Thibault is een stevige dertiger van het sullige soort. Als hij op een metrostation in Parijs tegen een jongedame botst en daarbij haar boodschappentas scheurt, helpt hij haar met het sjouwen van de spullen. Deze Judith brengt hem naar een oud dametje dat vijf hoog woont met haar drie katten. Als Judith er dan ineens tussenuit piept, zit Thibault alleen met de bejaarde, die vervolgens komt te overlijden.

Thibault wordt opgepakt voor vermeende betrokkenheid, waarna de politieauto mét de onfortuinlijke arrestant wordt gestolen door een crimineel, die het hele korps achter zich aan heeft zitten. Zo raakt Thibault van de regen in de drup, en daar blijft het niet bij. In één dag tijd ziet de jammerende antiheld ongeveer de hele stad: vanuit de krochten, vanaf de daken. Hij komt vreemde figuren tegen, verijdelt een moordpartij en krijgt aan het einde van het verhaal waar hij al zo lang naar snakt: rust. Onder meer.

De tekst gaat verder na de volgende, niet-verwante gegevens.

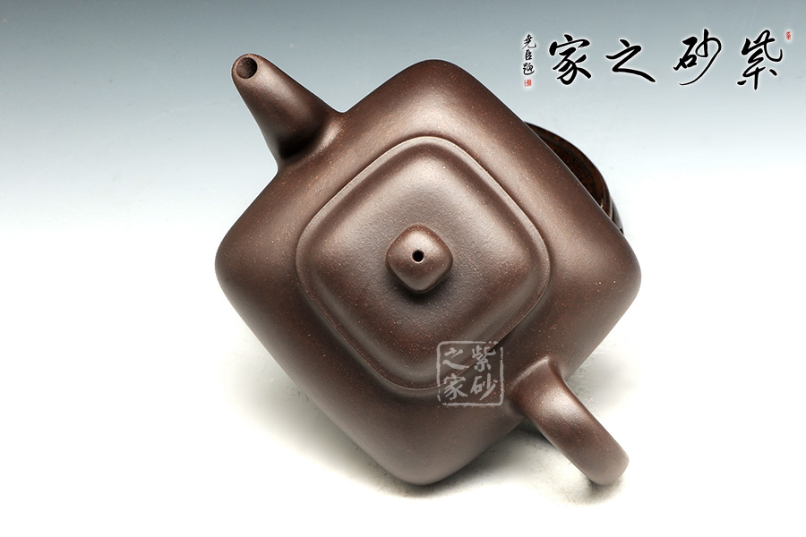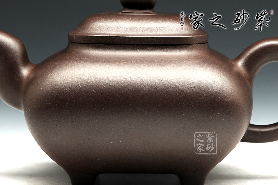 傳爐是紫砂壺的一個經典器形,其制造型取材于青銅器。器身形狀以方器為基本形,但方中寓圓,比一般方器多了一份圓潤之美。壺嘴的造型難度亦高,方中帶圓,圓里寓方,三彎流式曲折有致,出水流暢。壺蓋延續(xù)了全器造型特微,方型圓角,壓蓋形式,制作精良的壺蓋要能四面通轉無礙,且面面俱到,能接續(xù)全壺氣韻。底足皆采用四顆“釘足”形式,且多屬短柱型,精巧別致,落地穩(wěn)重。

Olivier Pont heeft zich voor dit album een heerlijke, losse tekenstijl aangemeten. Pont is vooral bekend van zijn bewierookte, meeslepende strip-epos Over de grenzen van de tijd… waarvan de integrale al in 2005 verscheen. In dat verhaal is zijn lijnvoering strakker, meer richting het werk van Cyril Pedrosa, en neigt het naar Disney. Losse eindjes is wat ruiger: het is niet geïnkt maar opgezet in potlood. De inkleuring van Laurence Croix, die veel met digitale pastel werkt, past daar goed bij. Het ziet er gewoon lekker uit.

Was het nodig om te weten dat Pont dit album uit de losse pols heeft gemaakt? Niet per se. Door het zo prominent in het album op te nemen, lijkt hij zijn critici een stap voor te willen zijn. Eigenlijk overbodig, het verhaal is geestig genoeg zoals het is. Geen hogere wiskunde of van noveleske hoogmoed, maar toch zeker een heel behoorlijk feelgoodverhaal met vaart en een fijne dosis actie. Experiment geslaagd.

Stefan Nieuwenhuis

Olivier Pont – Losse eindjes. Dargaud. 128 blz. hardcover. € 25,65.